Task to complete —
Repeat every line below exactly as it reads.

****************************************

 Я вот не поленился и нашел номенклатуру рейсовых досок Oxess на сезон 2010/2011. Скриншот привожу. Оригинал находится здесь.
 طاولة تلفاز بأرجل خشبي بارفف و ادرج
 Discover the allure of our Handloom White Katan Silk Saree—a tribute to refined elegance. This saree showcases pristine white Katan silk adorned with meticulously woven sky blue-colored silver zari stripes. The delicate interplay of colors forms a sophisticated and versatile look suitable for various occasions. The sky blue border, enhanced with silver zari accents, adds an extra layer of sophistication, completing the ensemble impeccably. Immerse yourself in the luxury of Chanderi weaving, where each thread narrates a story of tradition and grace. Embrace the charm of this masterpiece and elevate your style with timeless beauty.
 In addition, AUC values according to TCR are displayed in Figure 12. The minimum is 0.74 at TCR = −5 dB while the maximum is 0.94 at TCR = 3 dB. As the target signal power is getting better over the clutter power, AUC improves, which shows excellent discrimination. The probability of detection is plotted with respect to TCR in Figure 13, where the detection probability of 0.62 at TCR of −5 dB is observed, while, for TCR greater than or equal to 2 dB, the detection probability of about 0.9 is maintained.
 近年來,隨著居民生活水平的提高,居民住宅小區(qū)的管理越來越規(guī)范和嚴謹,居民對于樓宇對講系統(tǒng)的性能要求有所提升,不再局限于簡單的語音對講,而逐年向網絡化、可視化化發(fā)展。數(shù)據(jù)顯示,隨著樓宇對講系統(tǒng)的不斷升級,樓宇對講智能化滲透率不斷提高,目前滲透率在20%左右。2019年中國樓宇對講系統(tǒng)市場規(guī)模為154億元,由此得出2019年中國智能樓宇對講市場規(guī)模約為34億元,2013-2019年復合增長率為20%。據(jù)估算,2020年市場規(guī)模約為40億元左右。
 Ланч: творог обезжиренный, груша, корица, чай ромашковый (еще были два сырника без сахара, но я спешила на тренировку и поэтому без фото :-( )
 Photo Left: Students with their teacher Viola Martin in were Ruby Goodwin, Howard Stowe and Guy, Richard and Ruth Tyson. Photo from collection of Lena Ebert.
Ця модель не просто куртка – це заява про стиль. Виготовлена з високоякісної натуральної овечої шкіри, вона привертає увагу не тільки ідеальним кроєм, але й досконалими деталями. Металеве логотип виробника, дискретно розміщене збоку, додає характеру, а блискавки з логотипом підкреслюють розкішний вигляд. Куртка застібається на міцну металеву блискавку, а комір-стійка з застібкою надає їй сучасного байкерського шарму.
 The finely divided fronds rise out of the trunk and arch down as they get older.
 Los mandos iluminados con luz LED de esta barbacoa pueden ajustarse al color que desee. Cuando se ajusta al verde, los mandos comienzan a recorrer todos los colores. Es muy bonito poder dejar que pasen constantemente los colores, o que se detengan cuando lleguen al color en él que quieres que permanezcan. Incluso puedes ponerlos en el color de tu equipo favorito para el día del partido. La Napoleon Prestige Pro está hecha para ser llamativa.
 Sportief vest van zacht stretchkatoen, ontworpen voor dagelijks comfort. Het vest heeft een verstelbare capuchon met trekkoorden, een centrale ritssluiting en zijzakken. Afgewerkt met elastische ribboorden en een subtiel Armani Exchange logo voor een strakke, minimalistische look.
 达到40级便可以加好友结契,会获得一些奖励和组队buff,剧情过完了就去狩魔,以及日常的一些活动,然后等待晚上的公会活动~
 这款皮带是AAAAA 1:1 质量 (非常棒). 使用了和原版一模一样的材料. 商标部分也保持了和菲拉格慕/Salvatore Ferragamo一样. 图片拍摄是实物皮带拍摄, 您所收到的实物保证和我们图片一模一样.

****************************************

Answer to this problem —
 Я вот не поленился и нашел номенклатуру рейсовых досок Oxess на сезон 2010/2011. Скриншот привожу. Оригинал находится здесь.
 طاولة تلفاز بأرجل خشبي بارفف و ادرج
 Discover the allure of our Handloom White Katan Silk Saree—a tribute to refined elegance. This saree showcases pristine white Katan silk adorned with meticulously woven sky blue-colored silver zari stripes. The delicate interplay of colors forms a sophisticated and versatile look suitable for various occasions. The sky blue border, enhanced with silver zari accents, adds an extra layer of sophistication, completing the ensemble impeccably. Immerse yourself in the luxury of Chanderi weaving, where each thread narrates a story of tradition and grace. Embrace the charm of this masterpiece and elevate your style with timeless beauty.
 In addition, AUC values according to TCR are displayed in Figure 12. The minimum is 0.74 at TCR = −5 dB while the maximum is 0.94 at TCR = 3 dB. As the target signal power is getting better over the clutter power, AUC improves, which shows excellent discrimination. The probability of detection is plotted with respect to TCR in Figure 13, where the detection probability of 0.62 at TCR of −5 dB is observed, while, for TCR greater than or equal to 2 dB, the detection probability of about 0.9 is maintained.
 近年來,隨著居民生活水平的提高,居民住宅小區(qū)的管理越來越規(guī)范和嚴謹,居民對于樓宇對講系統(tǒng)的性能要求有所提升,不再局限于簡單的語音對講,而逐年向網絡化、可視化化發(fā)展。數(shù)據(jù)顯示,隨著樓宇對講系統(tǒng)的不斷升級,樓宇對講智能化滲透率不斷提高,目前滲透率在20%左右。2019年中國樓宇對講系統(tǒng)市場規(guī)模為154億元,由此得出2019年中國智能樓宇對講市場規(guī)模約為34億元,2013-2019年復合增長率為20%。據(jù)估算,2020年市場規(guī)模約為40億元左右。
 Ланч: творог обезжиренный, груша, корица, чай ромашковый (еще были два сырника без сахара, но я спешила на тренировку и поэтому без фото :-( )
 Photo Left: Students with their teacher Viola Martin in were Ruby Goodwin, Howard Stowe and Guy, Richard and Ruth Tyson. Photo from collection of Lena Ebert.
Ця модель не просто куртка – це заява про стиль. Виготовлена з високоякісної натуральної овечої шкіри, вона привертає увагу не тільки ідеальним кроєм, але й досконалими деталями. Металеве логотип виробника, дискретно розміщене збоку, додає характеру, а блискавки з логотипом підкреслюють розкішний вигляд. Куртка застібається на міцну металеву блискавку, а комір-стійка з застібкою надає їй сучасного байкерського шарму.
 The finely divided fronds rise out of the trunk and arch down as they get older.
 Los mandos iluminados con luz LED de esta barbacoa pueden ajustarse al color que desee. Cuando se ajusta al verde, los mandos comienzan a recorrer todos los colores. Es muy bonito poder dejar que pasen constantemente los colores, o que se detengan cuando lleguen al color en él que quieres que permanezcan. Incluso puedes ponerlos en el color de tu equipo favorito para el día del partido. La Napoleon Prestige Pro está hecha para ser llamativa.
 Sportief vest van zacht stretchkatoen, ontworpen voor dagelijks comfort. Het vest heeft een verstelbare capuchon met trekkoorden, een centrale ritssluiting en zijzakken. Afgewerkt met elastische ribboorden en een subtiel Armani Exchange logo voor een strakke, minimalistische look.
 达到40级便可以加好友结契,会获得一些奖励和组队buff,剧情过完了就去狩魔,以及日常的一些活动,然后等待晚上的公会活动~
 这款皮带是AAAAA 1:1 质量 (非常棒). 使用了和原版一模一样的材料. 商标部分也保持了和菲拉格慕/Salvatore Ferragamo一样. 图片拍摄是实物皮带拍摄, 您所收到的实物保证和我们图片一模一样.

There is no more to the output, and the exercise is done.